Hunt's decision to increase the payment period of advance loans taken by people on Universal Credit was described by Lewis as a "welcome move".

He said it "lessens the burden on some of the payback of lowest incomes", adding that repayments on these loans, taken by nearly one million households, are interest-free.

Lewis later wrote: "The repayments are auto-taken from UC payments. Many complain it doesn't leave enough to live on, so the ability to spread it longer means more disposable income. And if people want to repay quicker they can. So I am supportive of this move. I suspect many benefits advisors will be too."

Scrapping charge on debt relief order

The chancellor's announcement that he is scrapping the £90 fee for debt relief orders is "good news", says Lewis.

A debt relief order is a system in place to help people with personal debts they cannot pay in an attempt to help them make a fresh start (with some caveats).

Lewis tweeted: "These are a sort of easier form of bankruptcy for those with limited assets. The fact you have to pay for it has been a barrier to people who need help getting help. Very pleased to see the charge gone."

Household Support fund extension welcomed, but it's a temporary fix

Hunt announced a six-month extension to a fund helping the most vulnerable people struggling with the cost of living crisis.

The chancellor confirmed he would extend the Household Support Fund with an extra £500 million. The scheme was due to conclude at the end of this month, but Hunt changed course after listening to campaigners' concerns, extending it for another six months.

Hunt said “now is not the time to stop the targeted help it offers” but reiterated that the fund was set up on a temporary basis. Lewis, however, thinks the scheme "probably will needed extending again".

"This is money for local councils to help the most desperate and the cost of living crisis means sadly there's high demand. Would've been awful to cut it off right now," Lewis added.

Hunt called-out on fuel duty 'fiction'

Lewis was quick to pick up on a comment made by the chancellor about fuel duty that he said didn't quite ring true.

As he announced a continued freeze on fuel duty and maintained 5p cut, Hunt told MPs: "If I did nothing fuel duty would increase by 13% this month."

This could appear to some as meaning a rise in fuel duty would be out of Hunt's hands, which, as the chancellor, it obviously isn't.
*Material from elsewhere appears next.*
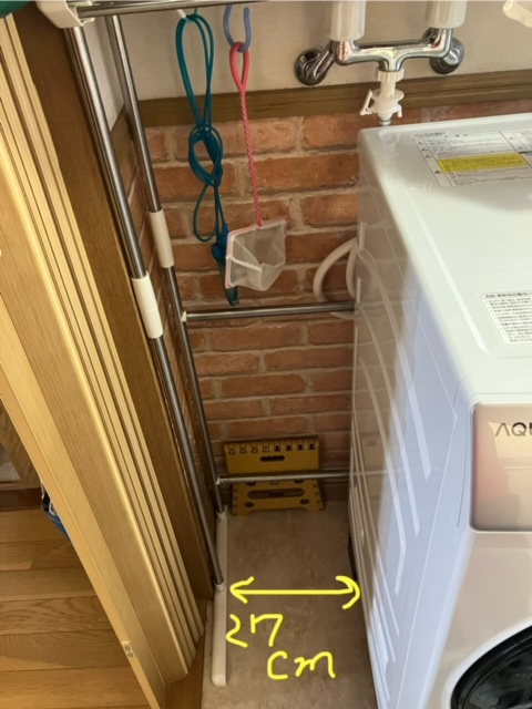 çºæ³šæžã¿ã®ãæŽæ¿¯æ©ã®èã«çœ®ãã©ã³ããªãŒãã¹ã±ããïŒïŒæ®µã¹ãªã ã¿ã€ãïŒã®å¹ ã26ãã®ãããä»åã¯æ¯ãéã§ãïŒãæŽæ¿¯æ©ã®èã«27ãïŒ1ãã¯äœè£ãæã£ãŠïŒã®å¹ ãæ»å®ïŒãããããšãã©ã åŒæŽæ¿¯æ©ã®å°çãåŸ ã£ãŠããïŒè±è¡£å Žã®æ§é ã§å³éãã«ããããã5æ¥åŸã«é éïŒã®ã§ããã

"This is a fiction. He's just saying 'I'm keeping fuel duty where it is not raising it'," Lewis said.

Will the new 'British ISA' be worth it?

In a bid to boost UK businesses, Hunt unveiled a new "British ISA" which allows an additional £5,000 investment on top of the current £20,000 allowance, targeted at investing in British assets.
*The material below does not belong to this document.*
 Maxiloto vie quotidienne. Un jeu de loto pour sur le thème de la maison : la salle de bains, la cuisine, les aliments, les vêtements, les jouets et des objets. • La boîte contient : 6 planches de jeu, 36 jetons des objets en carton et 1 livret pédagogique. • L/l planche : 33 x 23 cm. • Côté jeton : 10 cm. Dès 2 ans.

The scheme will come from the state-owned National Savings and Investments (NS&I) bank at a three-year fix. Lewis said the key will be what the interest rate of this ISA is, claiming it will "need to be over 5% to be worth it", other than people with very large savings.

Big win on child benefit

Perhaps the measure in the budget that got Lewis the most excited was a change to the threshold at which child benefit payments are taken away, which many claim has penalised single-income households.

Lewis has good reason to cheer this one on, having raised this issue on TV, and on He says the chancellor "tipped him off" ahead of the budget to say this change was due in large part to Lewis's campaigning.
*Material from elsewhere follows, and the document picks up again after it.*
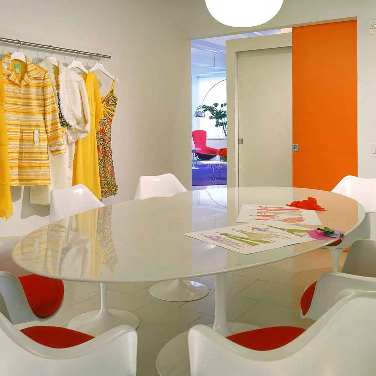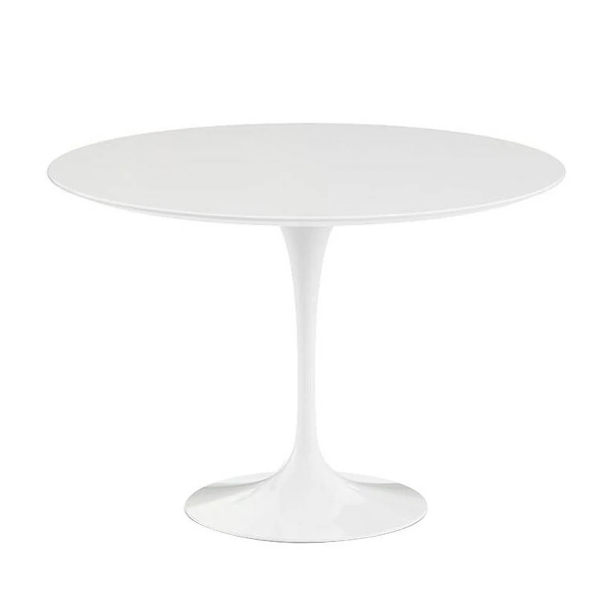 Aanvankelijk werd alleen de wereldberoemde Tulip Chair vernoemd naar de tulp, maar tegenwoordig staat de bijpassende tafel ook bekend als de "Tulip Table", omdat de collectie eenpootmeubelen van Knoll onlosmakelijk met elkaar verbonden is. Saarinen Tulip Ontworpen in 1956, is de eettafel met zijn heldere, sculpturale en organische vorm een schoolvoorbeeld van tijdloosheid die vandaag de dag nog steeds te vinden is in talloze musea, hotels en galerieën over de hele wereld.

From April, the threshold at which a household has their benefit reduced will move from £50,000 to £60,000, and the threshold at which that benefit is taken away entirely will move from £60,000 to £80,000.

Hunt acknowledged in the Commons that this was a "quick fix", claiming he would work towards changing the system so it is based on family income, and not individual income, hopefully by April 2026.

A tax cut for 'working people' only

While the National Insurance cut will be welcomed by many workers, Lewis was quick to point out that this does not benefit pensioners.

Over the weekend the Sunday Express warned of a "furious backlash" from pensioners, more and more of whom are being pushed into paying income tax due to a freeze on personal allowances.

Lewis later asked if Hunt would raise the personal allowance, but the chancellor has kept them where they are.

Savers still at risk of LISA penalties

Another issue Lewis had asked for in a letter to Hunt, written at the chancellor's request, was to abolish a fine faced by many savers who take out Lifetime ISAs (or LISAs).

You can only use a LISA on a property worth up to £450,000 – a limit that has remained frozen since the scheme launched in 2017, and since that time, Lewis says house prices have risen by more than 30%.

This has left many first-time buyers priced-out by the market and facing a 25% penalty for withdrawing for any purpose other than buying a qualifying home.

Commenting on Hunt's decision not to address this issue, Lewis wrote: "As I've been campaigning on it, chancellor told me just before the budget he said the reason he's not doing it, 'I wanted to do a big home ownership package but that doesn’t work until property prices are definitely rising and I still have to keep an eye on overall borrowing'. He also told me 'I want to do more than remove the penalty. I want to reform LISAs'."

Lewis added: "I am of course disappointed there are no changes this time, but at least it is not off the table."

Tax-free childcare

In what he described as a "landmark offer", the chancellor promised to guarantee “the rates that will be paid to childcare providers” to deliver the government’s free childcare expansion pledge.

Recalling a conversation he had with Hunt just before the budget, Lewis said this ties in with the chancellor's reform of the child benefit system.

"He said the consultation on changing to a family not personal income model will also apply to the £100,000 cut off for tax-free childcare," Lewis wrote.

Premium economy flights to face higher duty

The Treasury announced it will increase the level of air passenger duty (APD) for flights from UK airports by the forecast Retail Prices Index measure of inflation.

Hunt said there would be a higher duty for non-economy flights, which Lewis said does include premium economy.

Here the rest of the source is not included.